Pour Dror Etkes, qui s’occupe du monitoring des colonies israéliennes dans les Territoires occupés pour l’organisation pacifiste Peace Now, « il est probable qu’après les élections politiques du 28 mars prochain, Modi’in Illit sera déclarée conseil municipal par le gouvernement, comme ça a été le cas jusqu’à présent pour Ariel, Ma’aleh Adumim et Beitar Illit ». « Attirer des investissements dans une ville serait plus facile », confirme Guterman, qui est en train de négocier pour amener aussi la firme Radix, leader des problèmes de sécurité sur le Web, dans son conseil local (statut actuel). Selon Etkes, cependant, le développement frénétique de cette colonie (trois kilomètres à l’intérieur de la Cisjordanie) lance un message négatif à l’autre partie : nous israéliens nous faisons ce que nous voulons. "Quels que soient les scénarios de l’avenir, ils ne la céderont jamais aux palestiniens - ajoute Etkes- mais il faut comprendre que l’expansion de cette colonie, acte illégal parce qu’il viole les principes de la Road Map pour la paix acceptés par l’Etat hébreu, contribue à rendre impossible le dialogue avec les arabes ».

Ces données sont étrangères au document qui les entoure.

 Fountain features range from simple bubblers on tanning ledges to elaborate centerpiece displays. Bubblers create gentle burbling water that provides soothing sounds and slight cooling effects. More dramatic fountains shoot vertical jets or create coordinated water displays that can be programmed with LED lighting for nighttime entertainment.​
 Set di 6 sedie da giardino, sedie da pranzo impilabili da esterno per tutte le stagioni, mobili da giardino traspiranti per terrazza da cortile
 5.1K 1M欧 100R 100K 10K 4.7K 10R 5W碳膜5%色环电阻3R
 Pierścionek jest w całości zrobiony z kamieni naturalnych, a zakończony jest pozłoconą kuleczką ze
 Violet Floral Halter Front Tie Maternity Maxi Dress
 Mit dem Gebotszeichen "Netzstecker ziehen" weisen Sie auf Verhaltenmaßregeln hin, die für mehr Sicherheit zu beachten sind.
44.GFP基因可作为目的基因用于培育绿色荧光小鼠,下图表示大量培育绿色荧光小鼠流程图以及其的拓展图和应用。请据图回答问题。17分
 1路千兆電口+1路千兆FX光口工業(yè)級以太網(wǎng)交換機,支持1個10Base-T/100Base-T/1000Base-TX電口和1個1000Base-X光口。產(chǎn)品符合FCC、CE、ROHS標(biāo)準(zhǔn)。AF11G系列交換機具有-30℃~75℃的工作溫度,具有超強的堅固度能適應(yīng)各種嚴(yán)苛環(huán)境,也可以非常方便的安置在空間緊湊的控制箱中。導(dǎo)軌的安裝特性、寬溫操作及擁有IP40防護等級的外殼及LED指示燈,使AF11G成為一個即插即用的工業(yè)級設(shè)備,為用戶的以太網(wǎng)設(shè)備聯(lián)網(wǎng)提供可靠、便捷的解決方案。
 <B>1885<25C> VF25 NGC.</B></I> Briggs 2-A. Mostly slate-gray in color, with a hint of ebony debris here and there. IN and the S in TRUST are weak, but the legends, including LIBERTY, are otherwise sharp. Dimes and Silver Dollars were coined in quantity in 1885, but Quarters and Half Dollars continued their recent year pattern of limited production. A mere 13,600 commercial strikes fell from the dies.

De Pretoria aux Territoires occupés

Gideon a 28 ans et déjà cinq enfants. Il a immigré en Israël de Pretoria, en Afrique du Sud, parce que « là bas, après la fin de l’apartheid il y avait trop de violence, et nous voulions venir dans la terre du sionisme ». Il représente ces 30 % d’hommes de Modi’in Illit qui travaille : « Ici il y a plus de recherche philosophique, chacun de nos actes se déroule en accord avec les principes de la Torah, dit-il. En plus, tu peux acheter quatre pièces pour 110 000 dollars, moitié moins qu’à Jérusalem et Bnei Brak ». Et les palestiniens, à quelques centaines de mètres d’ici, au delà du mur qui va englober Modi’in Illit au territoire israélien ? « Ils font exploser leurs enfants, c’est quelque chose d’animal, je ne crois pas qu’il pourra y avoir une cohabitation entre juifs et musulmans, parce que le peu de bons arabes n’arrivera jamais à arrêter les méchants » soutient Gideon. Internet ? « Nous y sommes absolument contraires, ça t’ouvre un monde dont la moitié est négative ».

«  Une partie de l’attraction exercée par le mode de vie ultra orthodoxe consiste dans la clarté absolue de ce qui est licite et ce qui est interdit » explique Avishai Margalit, professeur de philosophie à l’Université hébraïque de Jérusalem. Pour l’auteur du recueil d’essais intitulé « Visages d’Israël », ces personnes « sont libérées, au moins partiellement, de la nécessité de prendre certaines décisions qui, pour tout le reste d’entre nous, sont une source d’angoisse. Les unions sont en grande partie arrangées par des entremetteurs matrimoniaux. Même les décisions telles que se faire opérer ou choisir leur médecin sont déléguées au rabbin ». Margalit rappelle que dans l’histoire millénaire du peuple juif il n’y a jamais eu une telle quantité de gens qui consacre entièrement sa vie à l’étude des textes sacrés. « Les ultra orthodoxes peuvent être vus comme une réaction à la modernité - pense l’universitaire dans son bureau du Van Leer Institute de Jérusalem. Les juifs étaient une corporation au Moyen-Age ; après le début de l’ère moderne et de l’urbanisation, ils ont eu peur que ce processus puisse éroder leur style de vie hébraïque. D’où la nécessité d’élever un mur qui protège leur pureté ». L’idéologue des ultra orthodoxes modernes est Hazon Ish (l’homme visionnaire), un lituanien mort en 1953, qui fut l’artisan d’une incroyable renaissance de l’ultra orthodoxie, pendant la guerre de 1948. Après plusieurs décennies pendant lesquelles le pouvoir des quelques 250 000 trépidants (traduction de haredim, d’après le verset du prophète Isaïe : « Ecoutez la parole du Seigneur, vous qui trépidez à sa parole ») a constamment augmenté en Israël, à travers leurs représentants à la Knesset, le dernier gouvernement Sharon a réduit leur poids en excluant leurs partis de l’exécutif et en supprimant leurs allocations. « Le développement de Modi’in Illit - poursuit Margalit- peut être lu comme une réponse à la crise économique profonde que la communauté haredi a traversé pendant les trois dernières années ».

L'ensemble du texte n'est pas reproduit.